На американских экранах шествовала кинолента «Герои на продажу»(1933) о ветеране Первой мировой, морфинисте. Фильм «Марокко» (1930) демонстрировал первый в истории американского кино лесбийский поцелуй, а картины с Марлен Дитрих вовсю эксплуатировали женскую сексуальность. 

Мэй Уэст в фильме «Она обошлась с ним нечестно» произносила ставшую крылатой фразу: «У вас пистолет в кармане или вы просто рады меня видеть?».

Мафиозное и неоднократно переснятое позже «Лицо со шрамом» (1932) романтизировало организованную преступность, обыгрывая факты из биографии Аль Капоне.

Параллельно множились претензии со стороны католических общин, добившихся бойкота «неприличных» лент в ряде штатов. В 1921 году законодатели в 37 штатах запретили показ почти 100 кинолент. Плюс громкие скандалы при участии звёзд Голливуда привели к тому, что американские киностудии однозначно стали считаться «гнездом порока». Из-за всего этого кинопроизводители терпели убытки, оплачивая из своего кармана работу приглашённых цензоров, и терялись в догадках, к чему общественная мораль придерётся в следующий раз. Пришлось задуматься над будущим всегда столь прибыльного бизнеса, и они пришли к выводу: надо скорее самим принять какие-то меры, пока их насильственно не навязали сверху.

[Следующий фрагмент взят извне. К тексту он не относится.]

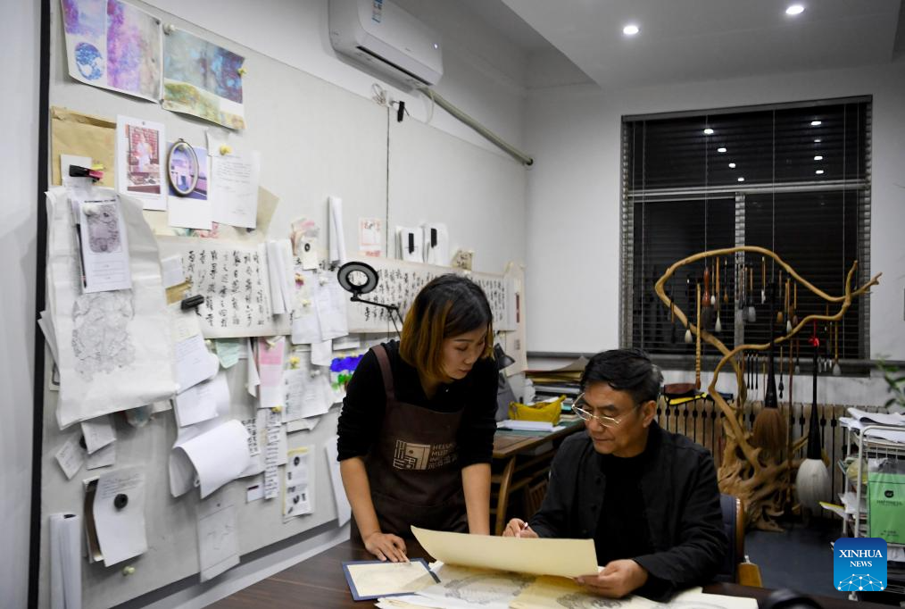 You Xiaoxiao (L) and her father talk at a studio in Xin'an County, central China's Henan Province, Oct. 7, 2023. (Xinhua/Hao Yuan)

Был создан специальный цензурный комитет, во главе с Уиллом Хейсом. Это был бывший староста пресвитерианской церкви. Его пригласили на это место как влиятельного политика самых честных правил, репутация которого не вызывала никаких сомнений. Вначале им был разработан лишь список нецензурных слов и выражений, запрещённых к произношению в кадре. Но в 1929 году два соратника Хейса – священник-иезуит Дэниел Лорд и издатель католического журнала Мартин Куигли – предложили ему составленный ими целый свод правил, определявших, что допустимо и что недопустимо в фильмах для широкой публики.

Хейсу идея настолько пришлась по душе, что в марте 1930-го этот иезуитский документ был официально утверждён ассоциациями производителей кинофильмов и прокатчиков кинофильмов. В его первых строках говорилось, что «производители кинофильмов осознали необходимость и возможность утвердить настоящий Кодекс, устанавливающий принципы производства кинофильмов», то есть надевают на себя ярмо такой самоцензуры совершенно добровольно, без давления государства.

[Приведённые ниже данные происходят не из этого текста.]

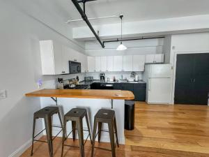Die Unterkunft Sunny & Spacious Studio Back Bay ist ausgestattet mit 1 Schlafzimmer, einer Küche mit einem Kühlschrank und einem Geschirrspüler, einer Waschmaschine und 1 Badezimmer mit kostenlosen Pflegeprodukten und einem Haartrockner.

По этому Кодексу правил, получившему в американской истории имя Хейса, недопустимыми считались любые нетрадиционные формы любви, страстные поцелуи и объятия, сексуальные отношения вне брака, любовь между цветными и белыми, сексуальные извращения и сексуальное рабство белого человека, венерические болезни, оправдание супружеской измены – в общем, всё то, что не «поддерживает священный институт брака и семейные ценности».

О непристойных шутках, цитатах и скрытых намёках теперь можно было забыть, так же как о чертыханих и упоминании имени Бога всуе. Кодекс твёрдо говорил «нет» запрещённым наркотикам и их упоминанию, а также неоправданному по сюжетам употреблению алкоголя. Преступление любого толка против закона должно было быть неминуемо наказано. А несправедливый суд надо было показывать так, чтобы было ясно, что не весь американский суд такой. К насилию Кодекс был чуть более терпим, но и им настоятельно рекомендовалось не злоупотреблять, ведь «люди могут привыкнуть даже к убийствам, жестокости, зверству и отвратительным преступлениям, если они повторяются слишком часто».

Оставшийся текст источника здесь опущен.